Following this, he appeared in other advertisements. He also starred alongside Tony Robinson for three years on Channel 4's Storyworld, Children's Ward for 2 series, Brookside for one year playing Gavin Matthews and numerous TV shows including Jimmy McGovern's Hearts and Minds alongside Christopher Eccleston and Willy Russell's Terraces alongside Mark Womack.

In 1999, Rice made his stage debut in Guiding Star, a play by Jonathan Harvey that was premiered at the Everyman Theatre, Liverpool before transferring to the Royal National Theatre for a 10-month run. Rice was shortlisted for a Laurence Olivier Award for his performance as Liam Fitzgibbon.
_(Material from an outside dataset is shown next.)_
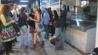 It was pretty darn odd to watch this street art performer but since Im into crazy chicks, I hanged on and filmed it all. That crazy bitch chanted some crap and got fully naked, revealing that there is actually a hot body under that hippie attire she was wearing. Crowd was shocked by public nudity.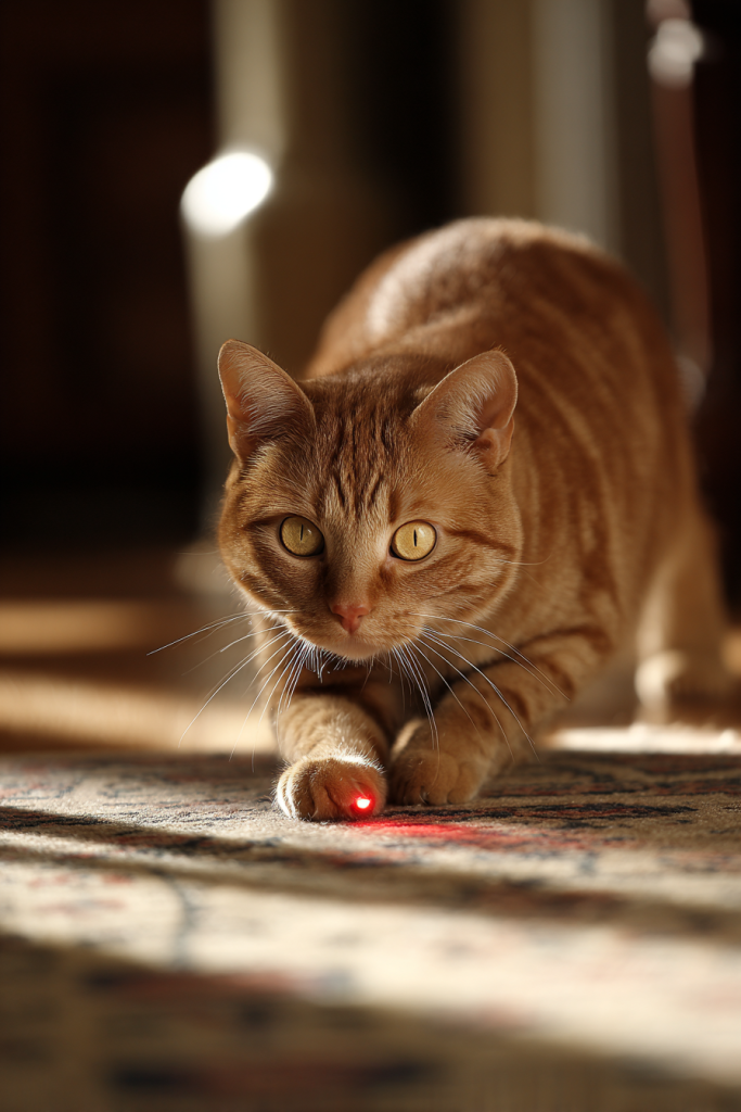 The elusive red dot of a laser pointer is perhaps the most famous feline foe, capable of sending a cat into a state of absolute, focused frenzy. Moving the light across walls, over furniture, and under chairs forces your cat to navigate obstacles at high speeds, providing a level of cardio that few other toys can achieve. To make the game more satisfying and prevent psychological frustration, always end the session by landing the light on a physical toy or a hidden treat. This allows your cat to finally catch their prey, ending the hunt on a high note and allowing their nervous system to relax. It is a low-effort way for you to provide high-impact entertainment, especially after a long day when you might not have the energy for more active play.

In 2000, he played Rene Montandon in Monsignor Renard, an ITV drama set in Nazi-occupied France, starring John Thaw, Dominic Monaghan and Juliette Caton.

===21st century===
====2000s====
He starred in two series of the comedy sketch show Scallywagga on BBC Three playing over fifty characters. He starred in comedy series Massive on BBC Three playing Shay Finnegan alongside Johnny Vegas, Ralf Little, Joel Fry, Christine Bottomley and Craig Parkinson.

====2010s====
In February 2011, he guest-starred on Shameless, playing Mimi Maguire's long-lost transgender sister, Bobbi Hepburn. In August 2011, Rice started filming on the Sky comedy Trollied. Rice played Colin, a lazy supermarket worker who has appeared in every episode. In 2012, he also appeared in the feature film Papadopoulos & Sons, in which he played Dave, a gardener to a wealthy Greek family. Rice also filmed a guest lead in Holby City in December 2011.

Rice starred in Good Cop in 2012. Good Cop was a dark, RTS Award-winning drama for BBC1 written by Stephen Butchard and directed by Sam Miller (Luther). Rice played Philip Davenport, one of the regular police in the series and worked alongside Warren Brown, Mark Womack, Stephen Graham, Stephen Walters and Kerrie Hayes.

Rice has shot a series each year of Trollied and completed filming on Series 6 in July 2016. He appeared in eight episodes of Coronation Street from late 2015 to early 2016. Rice appeared in two episodes of Stan Lee's Lucky Man alongside James Nesbitt. Rice guest starred in Jimmy McGovern's Moving On in 2016 (Series 8).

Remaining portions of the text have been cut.